Stored items
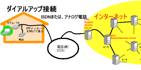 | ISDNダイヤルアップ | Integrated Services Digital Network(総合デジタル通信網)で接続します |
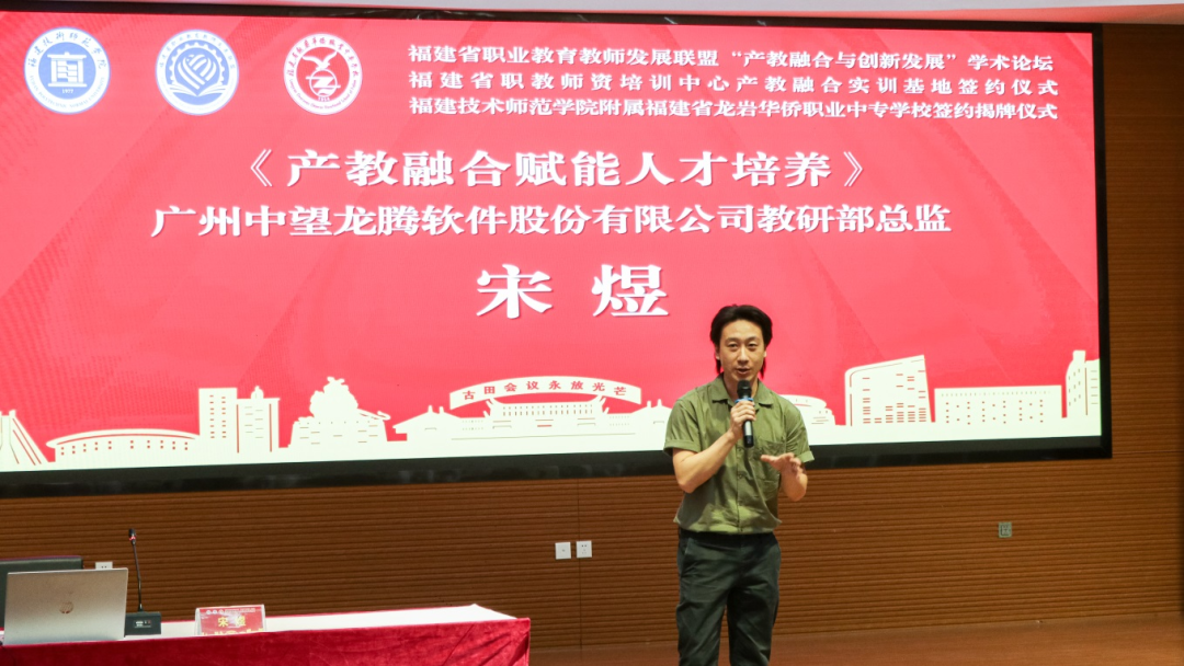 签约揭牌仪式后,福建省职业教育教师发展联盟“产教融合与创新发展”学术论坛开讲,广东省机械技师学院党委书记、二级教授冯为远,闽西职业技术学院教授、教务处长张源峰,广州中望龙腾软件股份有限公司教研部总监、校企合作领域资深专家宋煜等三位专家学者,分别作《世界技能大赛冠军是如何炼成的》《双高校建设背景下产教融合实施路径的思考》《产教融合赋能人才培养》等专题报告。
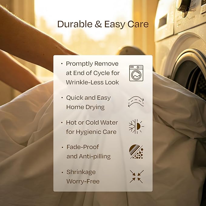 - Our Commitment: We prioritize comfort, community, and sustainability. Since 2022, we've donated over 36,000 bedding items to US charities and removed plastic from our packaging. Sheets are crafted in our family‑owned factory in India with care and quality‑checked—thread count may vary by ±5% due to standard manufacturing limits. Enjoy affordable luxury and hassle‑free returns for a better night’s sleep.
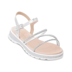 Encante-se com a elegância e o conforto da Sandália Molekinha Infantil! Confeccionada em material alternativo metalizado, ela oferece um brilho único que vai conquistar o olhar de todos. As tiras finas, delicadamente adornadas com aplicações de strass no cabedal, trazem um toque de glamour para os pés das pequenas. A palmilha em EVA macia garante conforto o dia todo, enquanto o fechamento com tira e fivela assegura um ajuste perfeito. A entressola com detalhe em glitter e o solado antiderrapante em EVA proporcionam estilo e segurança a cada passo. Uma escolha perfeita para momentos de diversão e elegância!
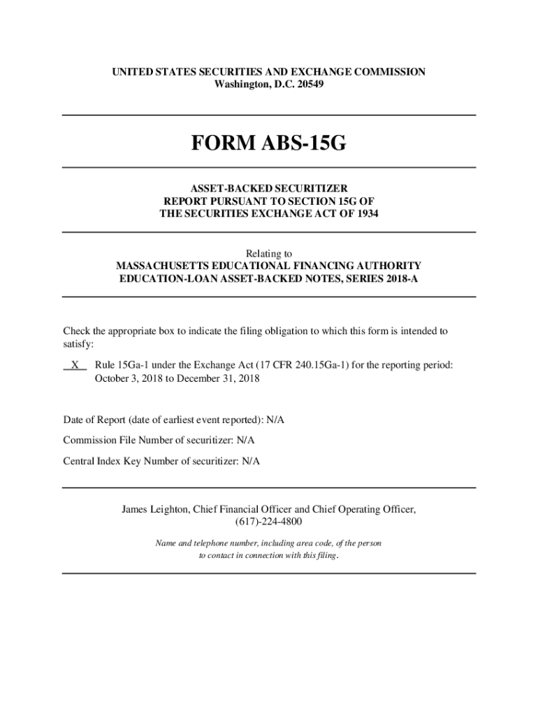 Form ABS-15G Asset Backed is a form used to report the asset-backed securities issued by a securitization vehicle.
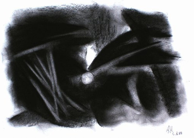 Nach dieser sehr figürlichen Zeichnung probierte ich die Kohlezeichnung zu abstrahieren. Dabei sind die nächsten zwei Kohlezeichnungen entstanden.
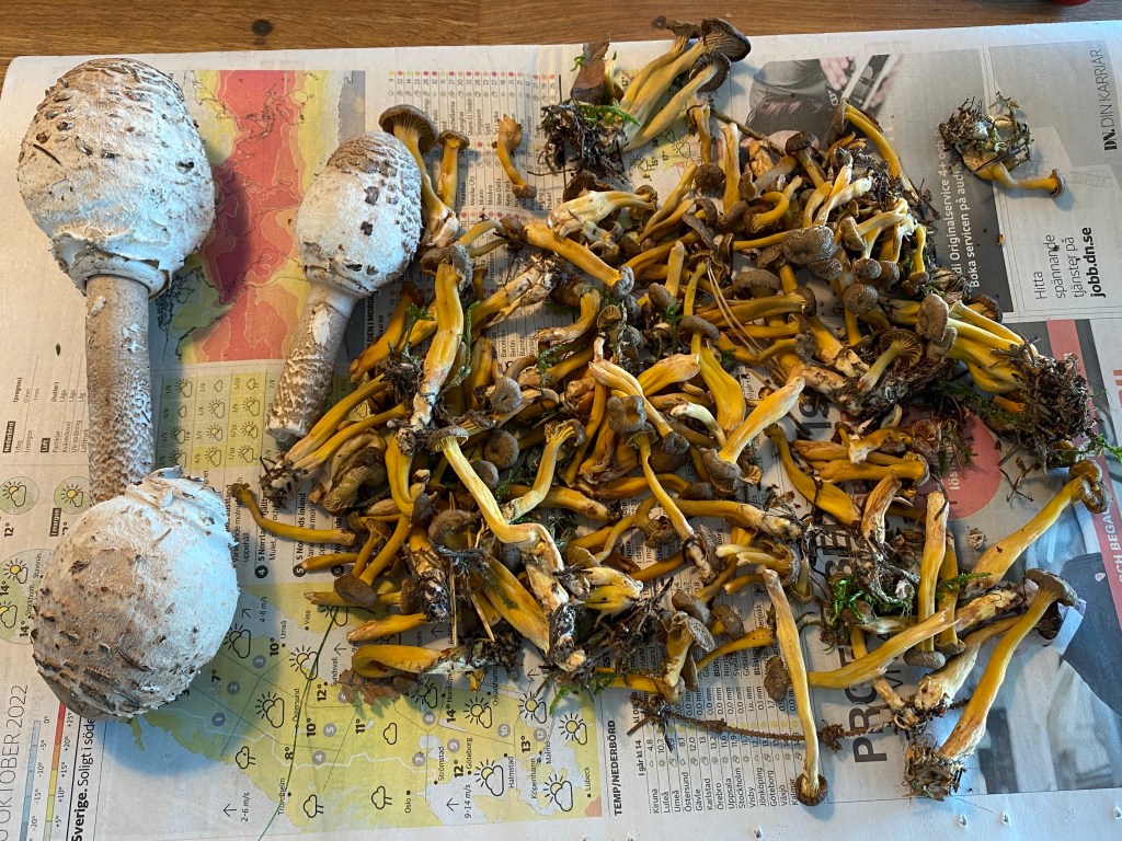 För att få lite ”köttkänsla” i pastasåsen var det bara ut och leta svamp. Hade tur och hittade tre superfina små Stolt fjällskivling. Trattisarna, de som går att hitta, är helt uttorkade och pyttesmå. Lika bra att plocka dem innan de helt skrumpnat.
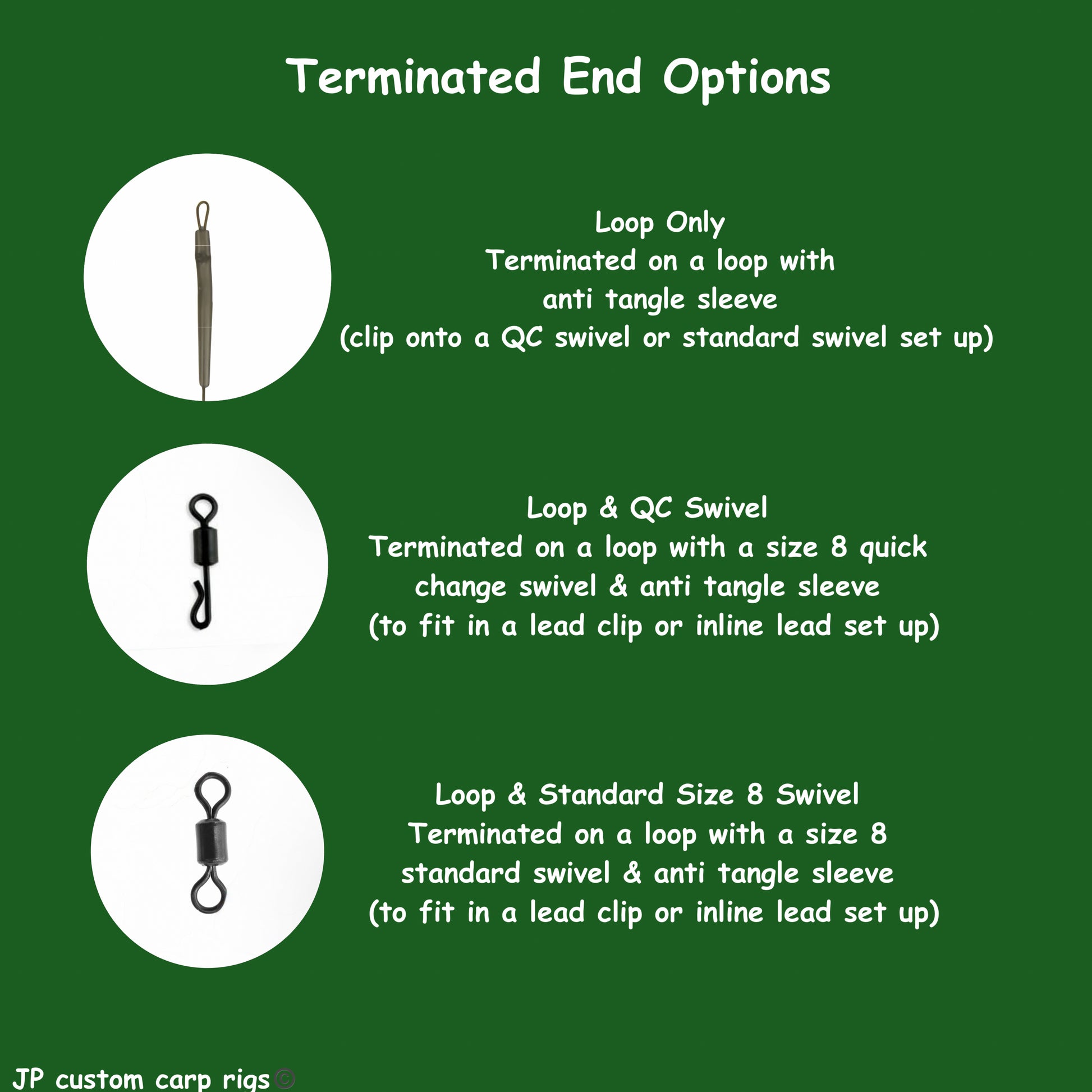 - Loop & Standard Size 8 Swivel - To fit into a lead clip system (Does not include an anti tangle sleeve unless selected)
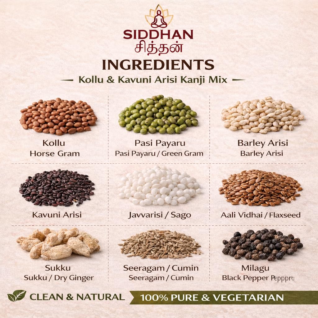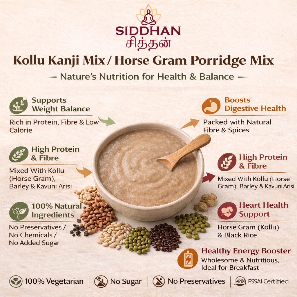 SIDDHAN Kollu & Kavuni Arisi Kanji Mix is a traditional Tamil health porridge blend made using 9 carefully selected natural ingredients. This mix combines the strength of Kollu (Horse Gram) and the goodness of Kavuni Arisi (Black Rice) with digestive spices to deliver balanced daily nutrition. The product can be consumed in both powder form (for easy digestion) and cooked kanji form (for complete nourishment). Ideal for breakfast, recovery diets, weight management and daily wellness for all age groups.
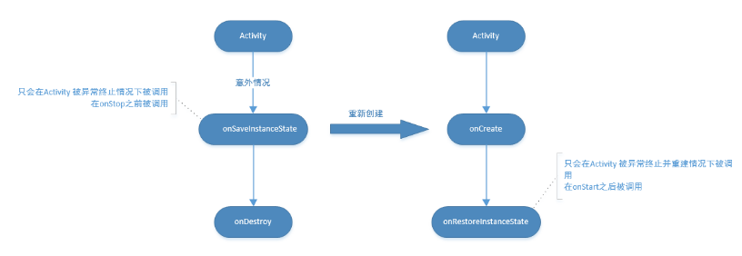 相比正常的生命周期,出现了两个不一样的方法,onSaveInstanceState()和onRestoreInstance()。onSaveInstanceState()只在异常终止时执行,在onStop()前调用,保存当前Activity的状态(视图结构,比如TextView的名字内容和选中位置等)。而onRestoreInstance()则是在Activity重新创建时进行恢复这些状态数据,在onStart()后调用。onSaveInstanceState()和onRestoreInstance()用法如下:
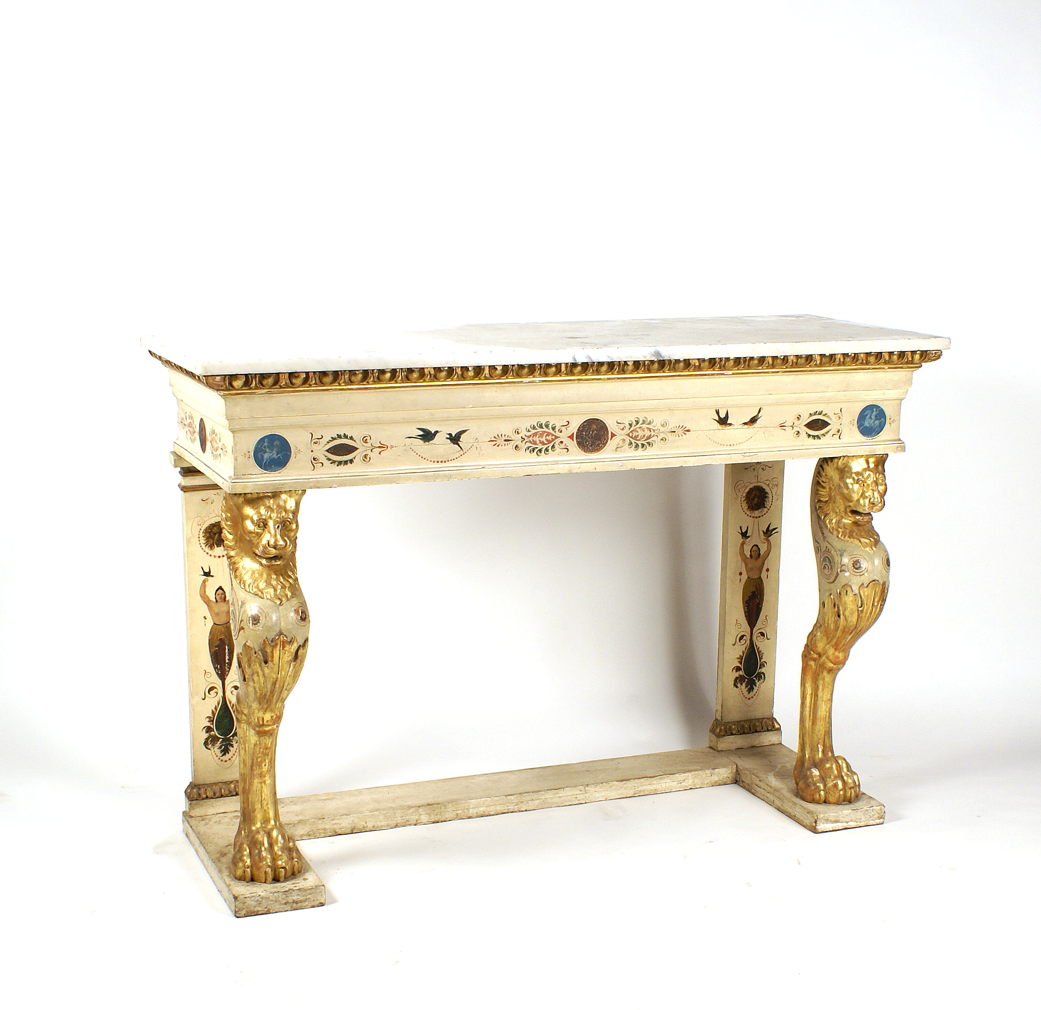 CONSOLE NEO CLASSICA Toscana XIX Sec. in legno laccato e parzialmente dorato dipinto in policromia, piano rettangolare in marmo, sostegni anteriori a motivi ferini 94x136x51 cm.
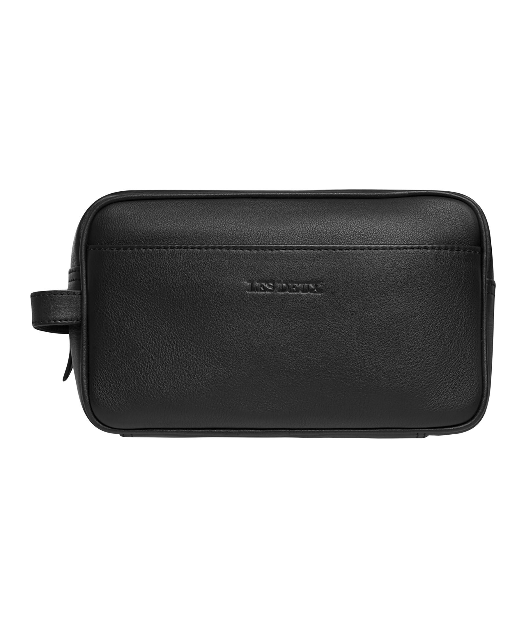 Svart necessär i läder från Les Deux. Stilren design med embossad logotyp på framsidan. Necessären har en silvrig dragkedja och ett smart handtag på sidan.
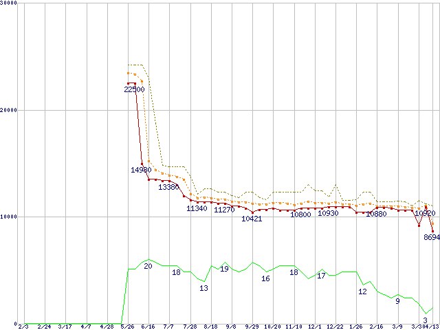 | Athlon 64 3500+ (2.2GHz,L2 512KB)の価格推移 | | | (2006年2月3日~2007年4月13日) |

Assigned task:
For this exercise, print all of the entries exactly as they appear, but without pictures.

Result:
 | ISDNダイヤルアップ | Integrated Services Digital Network(総合デジタル通信網)で接続します |
 签约揭牌仪式后,福建省职业教育教师发展联盟“产教融合与创新发展”学术论坛开讲,广东省机械技师学院党委书记、二级教授冯为远,闽西职业技术学院教授、教务处长张源峰,广州中望龙腾软件股份有限公司教研部总监、校企合作领域资深专家宋煜等三位专家学者,分别作《世界技能大赛冠军是如何炼成的》《双高校建设背景下产教融合实施路径的思考》《产教融合赋能人才培养》等专题报告。
 - Our Commitment: We prioritize comfort, community, and sustainability. Since 2022, we've donated over 36,000 bedding items to US charities and removed plastic from our packaging. Sheets are crafted in our family‑owned factory in India with care and quality‑checked—thread count may vary by ±5% due to standard manufacturing limits. Enjoy affordable luxury and hassle‑free returns for a better night’s sleep.
 Encante-se com a elegância e o conforto da Sandália Molekinha Infantil! Confeccionada em material alternativo metalizado, ela oferece um brilho único que vai conquistar o olhar de todos. As tiras finas, delicadamente adornadas com aplicações de strass no cabedal, trazem um toque de glamour para os pés das pequenas. A palmilha em EVA macia garante conforto o dia todo, enquanto o fechamento com tira e fivela assegura um ajuste perfeito. A entressola com detalhe em glitter e o solado antiderrapante em EVA proporcionam estilo e segurança a cada passo. Uma escolha perfeita para momentos de diversão e elegância!
 Form ABS-15G Asset Backed is a form used to report the asset-backed securities issued by a securitization vehicle.
 Nach dieser sehr figürlichen Zeichnung probierte ich die Kohlezeichnung zu abstrahieren. Dabei sind die nächsten zwei Kohlezeichnungen entstanden.
 För att få lite ”köttkänsla” i pastasåsen var det bara ut och leta svamp. Hade tur och hittade tre superfina små Stolt fjällskivling. Trattisarna, de som går att hitta, är helt uttorkade och pyttesmå. Lika bra att plocka dem innan de helt skrumpnat.
 - Loop & Standard Size 8 Swivel - To fit into a lead clip system (Does not include an anti tangle sleeve unless selected)
 SIDDHAN Kollu & Kavuni Arisi Kanji Mix is a traditional Tamil health porridge blend made using 9 carefully selected natural ingredients. This mix combines the strength of Kollu (Horse Gram) and the goodness of Kavuni Arisi (Black Rice) with digestive spices to deliver balanced daily nutrition. The product can be consumed in both powder form (for easy digestion) and cooked kanji form (for complete nourishment). Ideal for breakfast, recovery diets, weight management and daily wellness for all age groups.
 相比正常的生命周期,出现了两个不一样的方法,onSaveInstanceState()和onRestoreInstance()。onSaveInstanceState()只在异常终止时执行,在onStop()前调用,保存当前Activity的状态(视图结构,比如TextView的名字内容和选中位置等)。而onRestoreInstance()则是在Activity重新创建时进行恢复这些状态数据,在onStart()后调用。onSaveInstanceState()和onRestoreInstance()用法如下:
 CONSOLE NEO CLASSICA Toscana XIX Sec. in legno laccato e parzialmente dorato dipinto in policromia, piano rettangolare in marmo, sostegni anteriori a motivi ferini 94x136x51 cm.
 Svart necessär i läder från Les Deux. Stilren design med embossad logotyp på framsidan. Necessären har en silvrig dragkedja och ett smart handtag på sidan.
 | Athlon 64 3500+ (2.2GHz,L2 512KB)の価格推移 | | | (2006年2月3日~2007年4月13日) |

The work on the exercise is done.